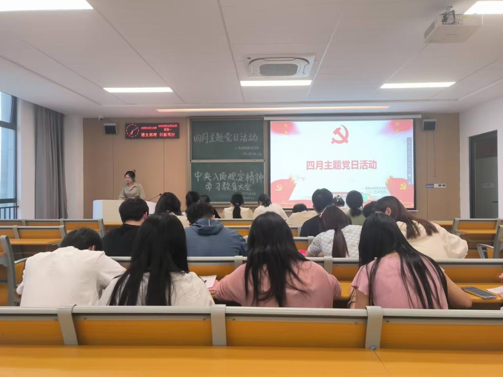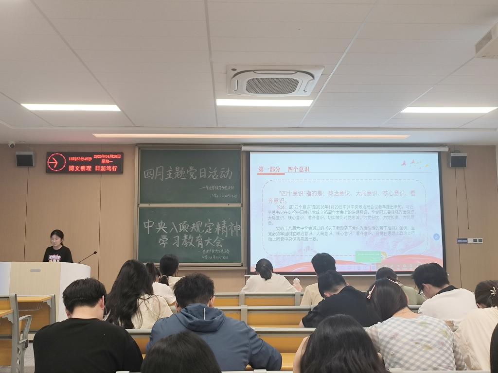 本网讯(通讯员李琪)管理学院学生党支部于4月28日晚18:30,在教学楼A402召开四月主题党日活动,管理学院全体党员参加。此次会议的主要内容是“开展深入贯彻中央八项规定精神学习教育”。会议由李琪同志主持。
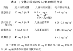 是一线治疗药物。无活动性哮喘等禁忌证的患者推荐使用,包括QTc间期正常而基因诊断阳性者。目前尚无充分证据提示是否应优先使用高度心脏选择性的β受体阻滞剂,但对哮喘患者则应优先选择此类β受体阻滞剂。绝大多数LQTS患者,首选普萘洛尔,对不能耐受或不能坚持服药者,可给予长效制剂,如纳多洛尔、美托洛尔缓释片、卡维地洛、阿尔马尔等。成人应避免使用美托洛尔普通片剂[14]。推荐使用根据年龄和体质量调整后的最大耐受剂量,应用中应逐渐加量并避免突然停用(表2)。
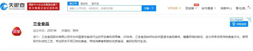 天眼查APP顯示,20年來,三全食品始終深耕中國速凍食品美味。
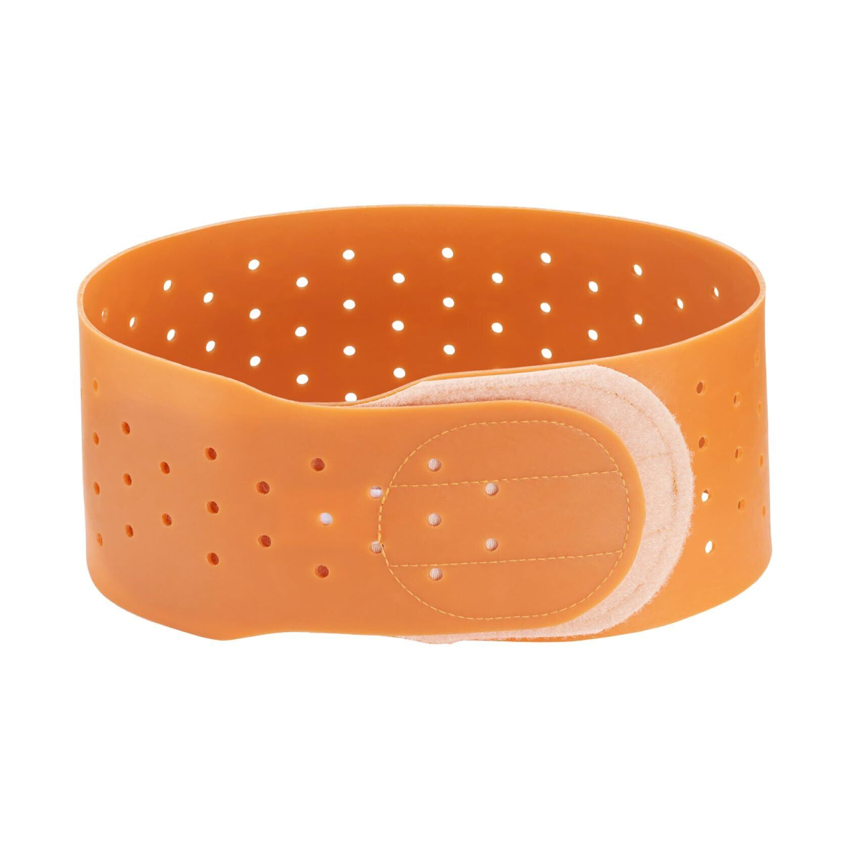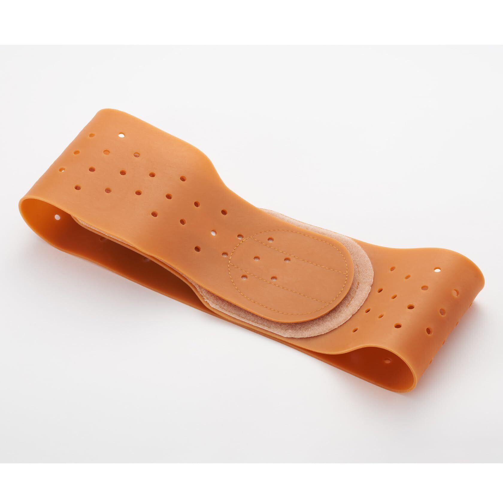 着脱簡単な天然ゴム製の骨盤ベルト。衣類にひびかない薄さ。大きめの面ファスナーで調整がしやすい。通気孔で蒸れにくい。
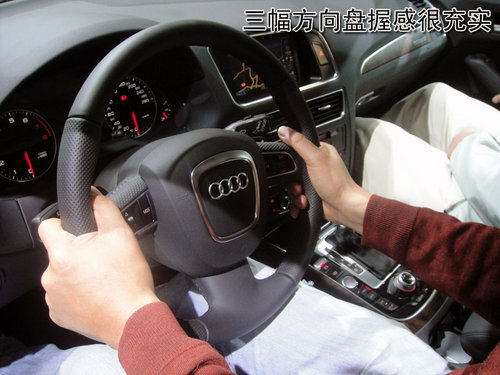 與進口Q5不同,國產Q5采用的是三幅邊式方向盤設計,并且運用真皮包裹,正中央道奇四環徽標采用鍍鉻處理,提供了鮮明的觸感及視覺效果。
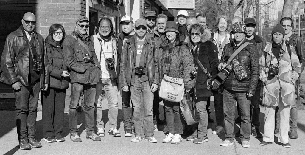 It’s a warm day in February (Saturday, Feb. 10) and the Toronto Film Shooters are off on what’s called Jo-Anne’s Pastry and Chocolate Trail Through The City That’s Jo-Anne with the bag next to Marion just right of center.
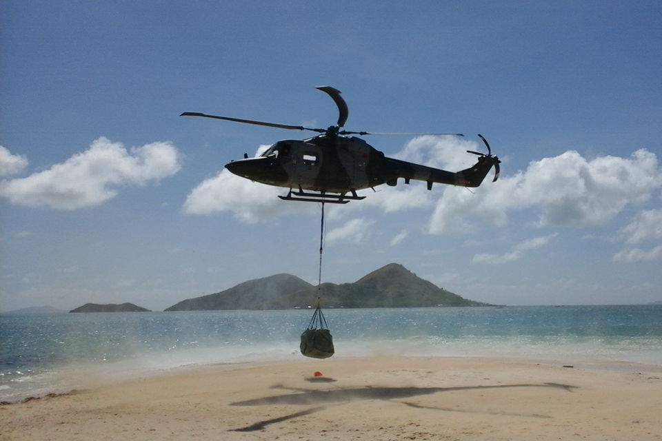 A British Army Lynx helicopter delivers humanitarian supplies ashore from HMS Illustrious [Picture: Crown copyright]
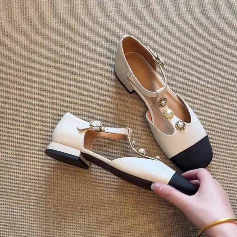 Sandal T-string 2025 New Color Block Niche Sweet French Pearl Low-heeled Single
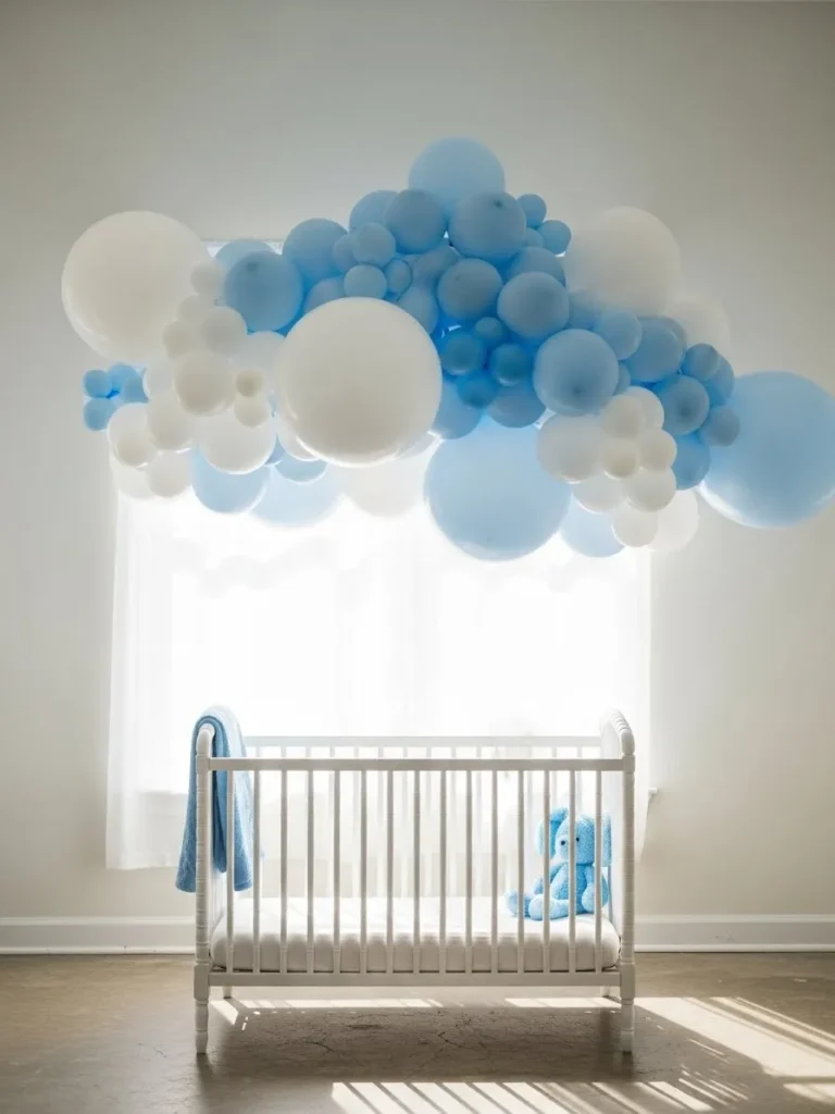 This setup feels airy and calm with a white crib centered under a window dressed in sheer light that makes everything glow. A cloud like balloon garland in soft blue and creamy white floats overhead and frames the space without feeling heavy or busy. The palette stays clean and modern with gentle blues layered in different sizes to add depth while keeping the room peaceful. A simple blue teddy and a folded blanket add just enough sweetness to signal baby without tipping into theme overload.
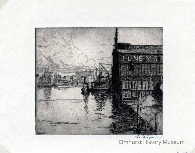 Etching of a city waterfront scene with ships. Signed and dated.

▸ **What the exercise asks**: Since the listing holds pictures, return everything else in it exactly and omit those.

▸ **Answer section**:
 本网讯(通讯员李琪)管理学院学生党支部于4月28日晚18:30,在教学楼A402召开四月主题党日活动,管理学院全体党员参加。此次会议的主要内容是“开展深入贯彻中央八项规定精神学习教育”。会议由李琪同志主持。
 是一线治疗药物。无活动性哮喘等禁忌证的患者推荐使用,包括QTc间期正常而基因诊断阳性者。目前尚无充分证据提示是否应优先使用高度心脏选择性的β受体阻滞剂,但对哮喘患者则应优先选择此类β受体阻滞剂。绝大多数LQTS患者,首选普萘洛尔,对不能耐受或不能坚持服药者,可给予长效制剂,如纳多洛尔、美托洛尔缓释片、卡维地洛、阿尔马尔等。成人应避免使用美托洛尔普通片剂[14]。推荐使用根据年龄和体质量调整后的最大耐受剂量,应用中应逐渐加量并避免突然停用(表2)。
 天眼查APP顯示,20年來,三全食品始終深耕中國速凍食品美味。
 着脱簡単な天然ゴム製の骨盤ベルト。衣類にひびかない薄さ。大きめの面ファスナーで調整がしやすい。通気孔で蒸れにくい。
 與進口Q5不同,國產Q5采用的是三幅邊式方向盤設計,并且運用真皮包裹,正中央道奇四環徽標采用鍍鉻處理,提供了鮮明的觸感及視覺效果。
 It’s a warm day in February (Saturday, Feb. 10) and the Toronto Film Shooters are off on what’s called Jo-Anne’s Pastry and Chocolate Trail Through The City That’s Jo-Anne with the bag next to Marion just right of center.
 A British Army Lynx helicopter delivers humanitarian supplies ashore from HMS Illustrious [Picture: Crown copyright]
 Sandal T-string 2025 New Color Block Niche Sweet French Pearl Low-heeled Single
 This setup feels airy and calm with a white crib centered under a window dressed in sheer light that makes everything glow. A cloud like balloon garland in soft blue and creamy white floats overhead and frames the space without feeling heavy or busy. The palette stays clean and modern with gentle blues layered in different sizes to add depth while keeping the room peaceful. A simple blue teddy and a folded blanket add just enough sweetness to signal baby without tipping into theme overload.
 Etching of a city waterfront scene with ships. Signed and dated.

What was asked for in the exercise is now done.